The logo of TV Verdes Mares is symbolized by the design of a smiling mermaid, in greenish colors, giving the thumbs up signs, with hair going to the right. The project was created by cartoonist Mino while studying law at the Federal University of Ceará, in 1970, at the request of Edson Queiroz. The inspiration for the design came through a photograph of her daughter, Agnes, when she was younger. According to him, the logo represents the station due to the mythological meaning of the figure of "attracting fishermen with its irresistible songs. The song, with all its power, is the meaning of the ratings". Over the years, the logo has undergone several modernizations, without changing its structure.

On December 5, 2008, TV Verdes Mares's logo gained three-dimensional effects, and in a new station ID, the mermaid is animated. The project was carried out by videographer Bulcão, in conjunction with the agency Slogan.

Due to its 48th anniversary, the logo receives a new typography, replacing Rede Globo's default font and using a new color gradient from the Ceará sea (50% green and 50% blue).

==Digital television==
===Digital channels===

| Channel | Video | Aspect | Short name | Programming |
|---|---|---|---|---|
| 10.1 | 1080i | 16:9 | TV VERDES MARES HD | Main TV Verdes Mares programming / TV Globo |

===Analog-to-digital conversion===
On May 11, 2009, during CETV 2ª Edição, the station officially becomes the first station in Ceará to launch the digital signal. The president of Sistema Verdes Mares, Yolanda Queiroz, signs the granting of the 33 UHF channel for digital transmission, in a ceremony held at the headquarters of the Federation of Industries of the State of Ceará (FIEC), in Fortaleza. During the night, at the headquarters of TV Verdes Mares, the president of Fundação Roberto Marinho, José Roberto Marinho, and the secretary of the Ministry of Communications, Zilda Abreu, participated in the launch of the station's digital signal.
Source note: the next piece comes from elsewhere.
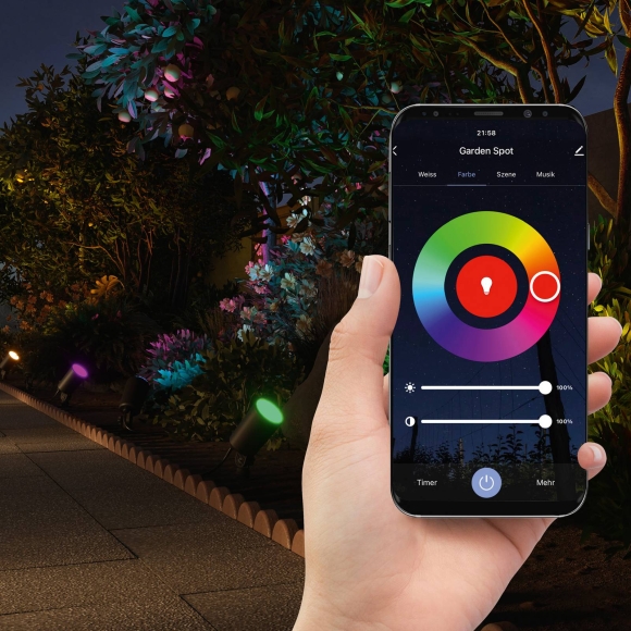 Ausrichtbarer Gartenstrahler mit Erdspieß, smart steuerbar, RGBW-Farbwechsel Akzente im eigenen Garten setzen ist mit diesem WLAN-Gartenstrahler kein Problem. Der smart steuerbare Strahler kann entweder mit dem aus Aluminium gefertigten Erdspieß in den Boden gesteckt werden oder mithilfe der Bodenplatte auf festem Untergrund montiert werden. So ergibt sich auch die Möglichkeit ihn an der Wand oder Decke zu befestigen. Dank der Steckerzuleitung kann er mühelos an der nächsten Steckdose angeschlossen werden. Er dient als Lichtspender, Effektbeleuchtung oder auch um eine besondere Lichtatmosphäre zu erzeugen. Dazu ist er absolut wetterfest und kann per App oder Sprache gesteuert werden. Am Gelenk des Erdspießes wie auch des Montagefußes lässt sich der Winkel des Gartenspots beliebig einstellen, um Baumkronen magisch zu illuminieren, Gartenwege hell zu erleuchten oder Akzente an der Gartenmauer zu setzen. Es kann aus 16 Millionen Farben genau die passende für die aktuelle Stimmung oder den Anlass gewählt werden. Zusätzlich sind ein bunter Farbwechsel, eine Auswahl im Weißlichtspektrum und auch die stufenlose Dimmbarkeit weitere Möglichkeiten der Lichtgestaltung, die sich mit diesem Strahler eröffnen. - mit der Hama Smart Home App ist jederzeit eine Steuerung von unterwegs möglich - funktioniert ganz ohne Gateway (Hub), der WLAN-Gartenstrahler stellt eine Wifi-Direktverbindung zum Router her - hohe Kompatibilität: funktioniert mit Amazon Alexa, Google Assistant, Siri Shortcuts, iOS und Android, zudem lassen sich alle mit Alexa- und Google-Assistant-kompatiblen Smart-Home-Produkte anderer Hersteller verknüpfen - Zeitsteuerung möglich, sowie das Bilden von Gruppen und Szenen mit im WLAN eingebundenen Geräten - Außenleuchte mit 1,5 m Stromkabel mit IP44-Konturenstecker - die Daten werden ausschließlich auf deutschen Servern gespeichert - Systemvoraussetzungen Betriebssystem: Android 4.4 und iOS 8.0 oder höher Hinweis zur Nutzung mit Amazon Alexa/Google Assistant: Dazu muss der sogenannte Alexa-Skill "Hama Smart Home" in der Alexa-App/"Hama Smart Home"-Dienst in der Google Home App aktiviert werden.
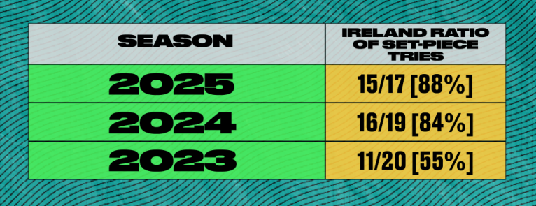 Wind the clock back to the same game in 2024, and Ireland were able to score two tries directly from five-metre lineout drives in the final quarter to put Les Bleus to the sword. That weakness in lineout defence may still be there.

TV Verdes Mares shut down its analog signal, over VHF channel 10, on September 27, 2017, as part of the federally mandated transition from analog to digital television. The station's digital signal remains on its pre-transition UHF channel 33, using virtual channel 10.

The station made the local generation of the match between Cruzeiro and Flamengo, valid for the Brazil Cup final, narrated by Globo's sportscaster Luís Roberto, as well as live participations from the station's master control with reporter Alana Araújo, who showed the signal being interrupted at 11:59 PM, after completion of the match, and being replaced by a notice from the Ministry of Science, Technology, Innovation and Communications (MCTIC) and ANATEL about the switch-off.